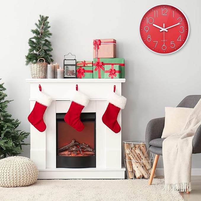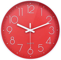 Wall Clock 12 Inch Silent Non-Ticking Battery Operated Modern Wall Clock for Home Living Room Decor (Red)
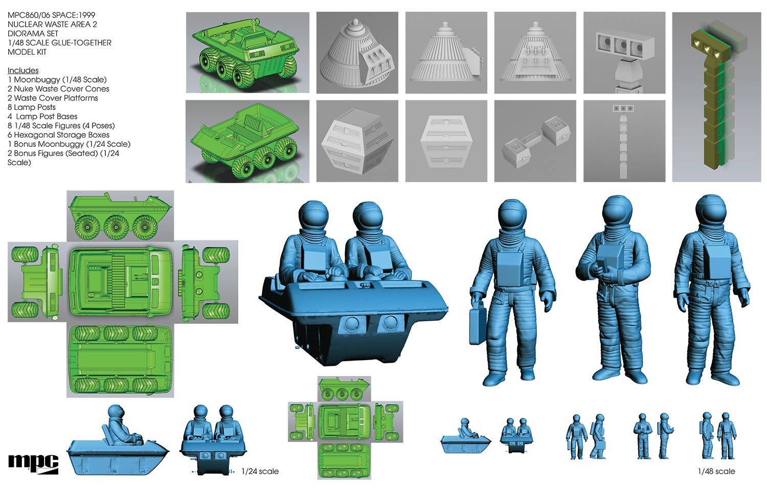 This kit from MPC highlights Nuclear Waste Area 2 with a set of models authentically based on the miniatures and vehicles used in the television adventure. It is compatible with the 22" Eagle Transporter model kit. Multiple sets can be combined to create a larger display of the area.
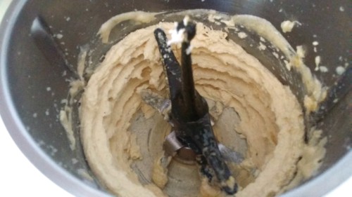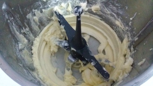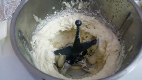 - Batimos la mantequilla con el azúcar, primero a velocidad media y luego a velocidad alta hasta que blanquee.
□ □ □
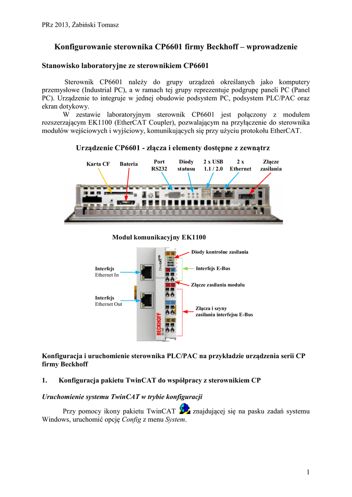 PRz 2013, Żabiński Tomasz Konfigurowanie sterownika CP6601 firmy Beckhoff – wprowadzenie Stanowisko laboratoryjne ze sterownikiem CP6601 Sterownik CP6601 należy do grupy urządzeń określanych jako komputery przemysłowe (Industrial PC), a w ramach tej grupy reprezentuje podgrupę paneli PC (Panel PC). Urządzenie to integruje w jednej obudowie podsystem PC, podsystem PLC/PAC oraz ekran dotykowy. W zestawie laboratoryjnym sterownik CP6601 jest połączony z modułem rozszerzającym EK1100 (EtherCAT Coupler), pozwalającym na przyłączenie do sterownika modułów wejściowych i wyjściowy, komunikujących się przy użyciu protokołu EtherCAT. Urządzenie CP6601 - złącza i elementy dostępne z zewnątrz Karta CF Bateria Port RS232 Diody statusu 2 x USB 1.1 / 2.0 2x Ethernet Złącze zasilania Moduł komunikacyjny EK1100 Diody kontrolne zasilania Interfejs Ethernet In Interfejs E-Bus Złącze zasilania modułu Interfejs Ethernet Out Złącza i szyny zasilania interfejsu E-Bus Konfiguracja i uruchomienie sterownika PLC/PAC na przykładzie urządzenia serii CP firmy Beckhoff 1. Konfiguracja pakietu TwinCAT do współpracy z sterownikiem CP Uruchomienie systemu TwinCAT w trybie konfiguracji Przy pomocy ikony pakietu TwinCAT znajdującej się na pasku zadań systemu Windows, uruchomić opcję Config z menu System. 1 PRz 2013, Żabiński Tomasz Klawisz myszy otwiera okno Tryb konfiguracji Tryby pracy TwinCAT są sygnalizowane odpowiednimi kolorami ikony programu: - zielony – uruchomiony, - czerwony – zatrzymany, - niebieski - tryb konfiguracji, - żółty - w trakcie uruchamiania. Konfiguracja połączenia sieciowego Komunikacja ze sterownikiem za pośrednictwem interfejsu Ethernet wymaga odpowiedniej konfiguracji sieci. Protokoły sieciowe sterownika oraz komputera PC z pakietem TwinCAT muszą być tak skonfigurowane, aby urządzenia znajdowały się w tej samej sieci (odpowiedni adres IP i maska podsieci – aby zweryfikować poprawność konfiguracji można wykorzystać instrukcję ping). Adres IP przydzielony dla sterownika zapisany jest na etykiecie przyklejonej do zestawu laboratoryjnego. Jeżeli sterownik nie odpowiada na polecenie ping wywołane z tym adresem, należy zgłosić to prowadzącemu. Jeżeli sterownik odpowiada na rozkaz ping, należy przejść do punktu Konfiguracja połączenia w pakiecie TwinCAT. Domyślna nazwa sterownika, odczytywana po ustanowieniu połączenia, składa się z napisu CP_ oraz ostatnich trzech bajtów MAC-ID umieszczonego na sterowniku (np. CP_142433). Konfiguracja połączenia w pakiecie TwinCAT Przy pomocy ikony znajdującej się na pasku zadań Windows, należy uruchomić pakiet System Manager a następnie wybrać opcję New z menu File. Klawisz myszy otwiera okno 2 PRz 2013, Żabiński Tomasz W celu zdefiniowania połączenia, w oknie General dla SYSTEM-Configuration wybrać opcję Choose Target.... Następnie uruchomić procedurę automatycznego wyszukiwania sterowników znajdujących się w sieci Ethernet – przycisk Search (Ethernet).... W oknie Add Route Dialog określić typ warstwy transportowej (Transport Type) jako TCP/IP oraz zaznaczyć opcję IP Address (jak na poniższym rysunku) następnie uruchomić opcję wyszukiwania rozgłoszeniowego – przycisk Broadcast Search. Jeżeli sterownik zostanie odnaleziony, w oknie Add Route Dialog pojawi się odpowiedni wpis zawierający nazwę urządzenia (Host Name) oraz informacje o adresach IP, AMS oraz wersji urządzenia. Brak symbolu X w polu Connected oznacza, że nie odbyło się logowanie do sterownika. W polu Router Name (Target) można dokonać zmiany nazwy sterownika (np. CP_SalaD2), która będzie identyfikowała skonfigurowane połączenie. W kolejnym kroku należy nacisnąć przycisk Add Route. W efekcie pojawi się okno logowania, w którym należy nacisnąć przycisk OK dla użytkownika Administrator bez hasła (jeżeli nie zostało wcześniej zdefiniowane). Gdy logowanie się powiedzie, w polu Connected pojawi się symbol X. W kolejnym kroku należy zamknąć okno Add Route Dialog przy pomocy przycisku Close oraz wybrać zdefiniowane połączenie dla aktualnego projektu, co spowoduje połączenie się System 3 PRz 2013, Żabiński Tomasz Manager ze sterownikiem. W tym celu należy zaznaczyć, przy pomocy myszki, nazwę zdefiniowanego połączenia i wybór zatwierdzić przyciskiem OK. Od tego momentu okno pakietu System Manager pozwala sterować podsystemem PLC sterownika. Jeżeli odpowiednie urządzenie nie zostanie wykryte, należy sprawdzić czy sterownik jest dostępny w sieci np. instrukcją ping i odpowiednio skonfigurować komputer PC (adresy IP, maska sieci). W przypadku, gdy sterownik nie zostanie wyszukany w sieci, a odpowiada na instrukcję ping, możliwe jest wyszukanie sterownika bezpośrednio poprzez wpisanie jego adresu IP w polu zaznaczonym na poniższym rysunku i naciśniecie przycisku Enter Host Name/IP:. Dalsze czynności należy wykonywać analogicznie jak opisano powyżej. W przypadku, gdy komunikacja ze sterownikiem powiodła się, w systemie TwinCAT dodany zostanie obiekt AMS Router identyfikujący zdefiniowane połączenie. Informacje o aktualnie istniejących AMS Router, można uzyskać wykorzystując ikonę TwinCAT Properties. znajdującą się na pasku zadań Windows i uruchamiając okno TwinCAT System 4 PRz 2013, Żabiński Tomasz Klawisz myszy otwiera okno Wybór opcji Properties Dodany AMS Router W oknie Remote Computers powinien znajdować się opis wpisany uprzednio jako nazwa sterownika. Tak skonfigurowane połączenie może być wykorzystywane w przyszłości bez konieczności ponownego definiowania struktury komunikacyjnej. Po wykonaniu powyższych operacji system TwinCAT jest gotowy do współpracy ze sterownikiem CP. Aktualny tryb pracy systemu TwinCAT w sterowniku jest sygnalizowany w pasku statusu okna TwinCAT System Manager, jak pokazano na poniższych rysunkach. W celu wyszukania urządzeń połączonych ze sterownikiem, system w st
□ □ □
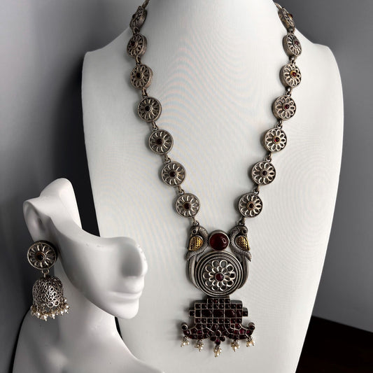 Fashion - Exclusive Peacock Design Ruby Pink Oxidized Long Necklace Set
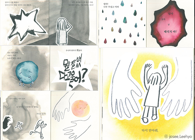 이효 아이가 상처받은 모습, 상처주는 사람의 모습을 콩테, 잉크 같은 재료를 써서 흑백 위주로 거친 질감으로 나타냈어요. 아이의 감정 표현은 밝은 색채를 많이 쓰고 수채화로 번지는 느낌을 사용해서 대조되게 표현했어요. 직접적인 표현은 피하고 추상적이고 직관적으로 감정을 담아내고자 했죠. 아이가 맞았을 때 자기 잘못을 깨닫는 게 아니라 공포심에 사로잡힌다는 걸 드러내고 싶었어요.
□ □ □
For the data above, set down exactly the lines from the line with "This kit from" to the line with "- Batimos la", both included, leaving pictures out.

 This kit from MPC highlights Nuclear Waste Area 2 with a set of models authentically based on the miniatures and vehicles used in the television adventure. It is compatible with the 22" Eagle Transporter model kit. Multiple sets can be combined to create a larger display of the area.
 - Batimos la mantequilla con el azúcar, primero a velocidad media y luego a velocidad alta hasta que blanquee.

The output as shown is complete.